__Your objective__:
Pictures aside, return every line below exactly as written.

__Dataset excerpt__:

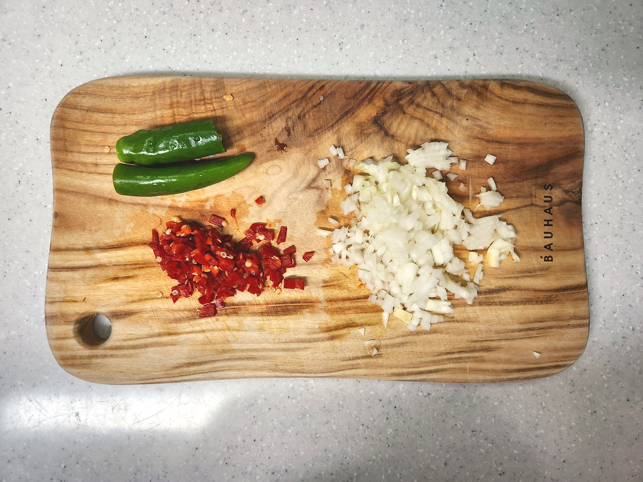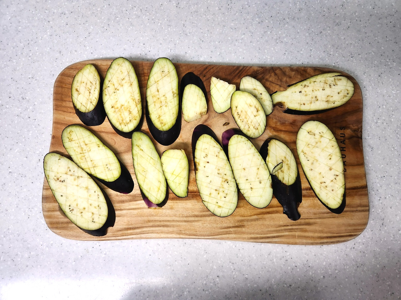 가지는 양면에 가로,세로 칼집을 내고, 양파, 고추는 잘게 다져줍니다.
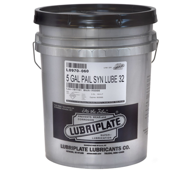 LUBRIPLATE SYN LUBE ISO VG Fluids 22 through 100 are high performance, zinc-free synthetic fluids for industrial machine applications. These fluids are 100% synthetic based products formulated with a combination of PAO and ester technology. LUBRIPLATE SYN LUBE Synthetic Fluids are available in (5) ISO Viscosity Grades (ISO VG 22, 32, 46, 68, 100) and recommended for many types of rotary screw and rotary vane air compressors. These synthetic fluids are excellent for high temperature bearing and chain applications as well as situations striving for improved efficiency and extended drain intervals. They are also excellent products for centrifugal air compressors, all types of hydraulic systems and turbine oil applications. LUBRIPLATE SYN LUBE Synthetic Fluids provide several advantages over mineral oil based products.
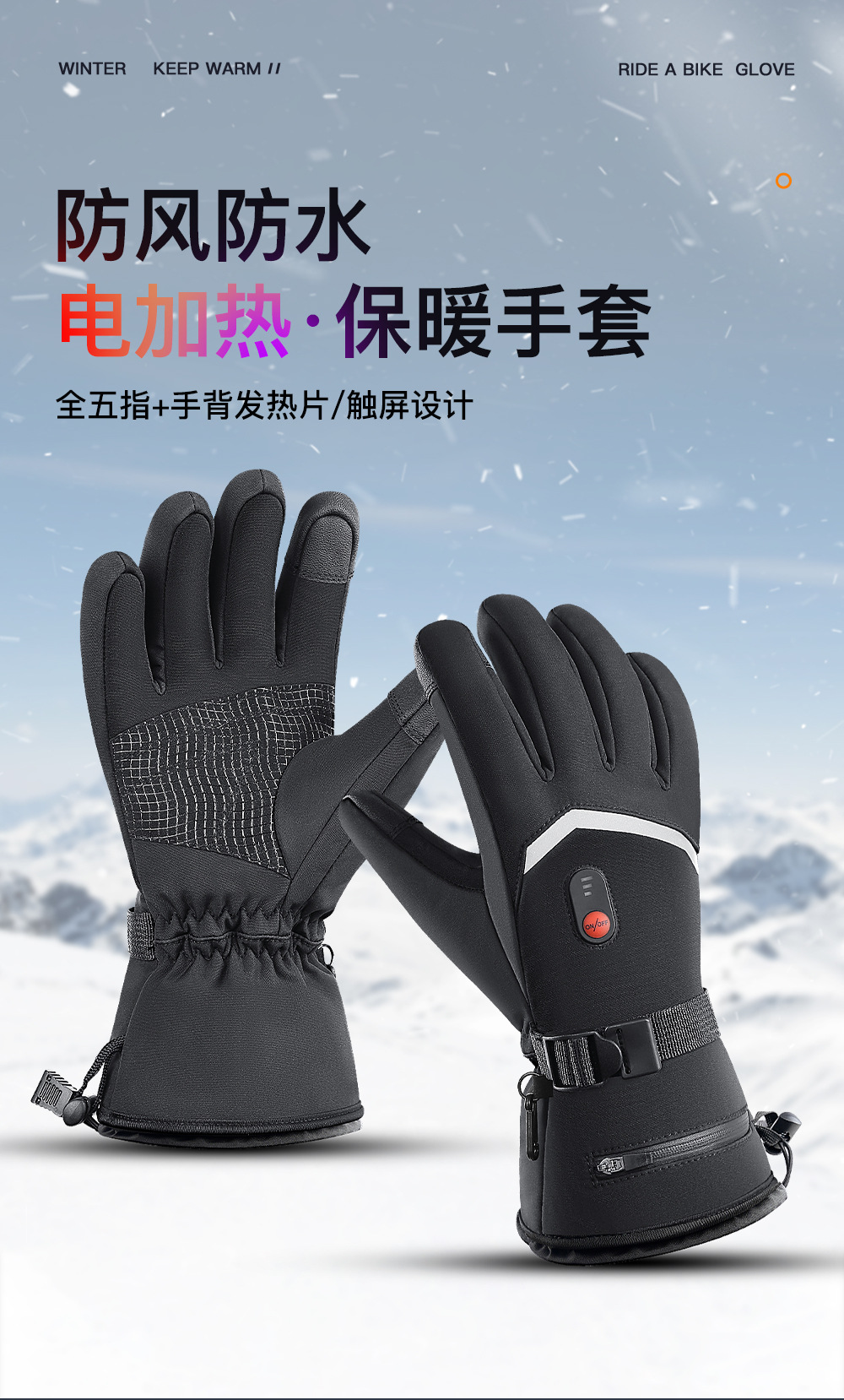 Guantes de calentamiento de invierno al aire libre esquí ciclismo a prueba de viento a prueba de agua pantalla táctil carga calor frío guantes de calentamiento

__Exercise response__:
 가지는 양면에 가로,세로 칼집을 내고, 양파, 고추는 잘게 다져줍니다.
 LUBRIPLATE SYN LUBE ISO VG Fluids 22 through 100 are high performance, zinc-free synthetic fluids for industrial machine applications. These fluids are 100% synthetic based products formulated with a combination of PAO and ester technology. LUBRIPLATE SYN LUBE Synthetic Fluids are available in (5) ISO Viscosity Grades (ISO VG 22, 32, 46, 68, 100) and recommended for many types of rotary screw and rotary vane air compressors. These synthetic fluids are excellent for high temperature bearing and chain applications as well as situations striving for improved efficiency and extended drain intervals. They are also excellent products for centrifugal air compressors, all types of hydraulic systems and turbine oil applications. LUBRIPLATE SYN LUBE Synthetic Fluids provide several advantages over mineral oil based products.
 Guantes de calentamiento de invierno al aire libre esquí ciclismo a prueba de viento a prueba de agua pantalla táctil carga calor frío guantes de calentamiento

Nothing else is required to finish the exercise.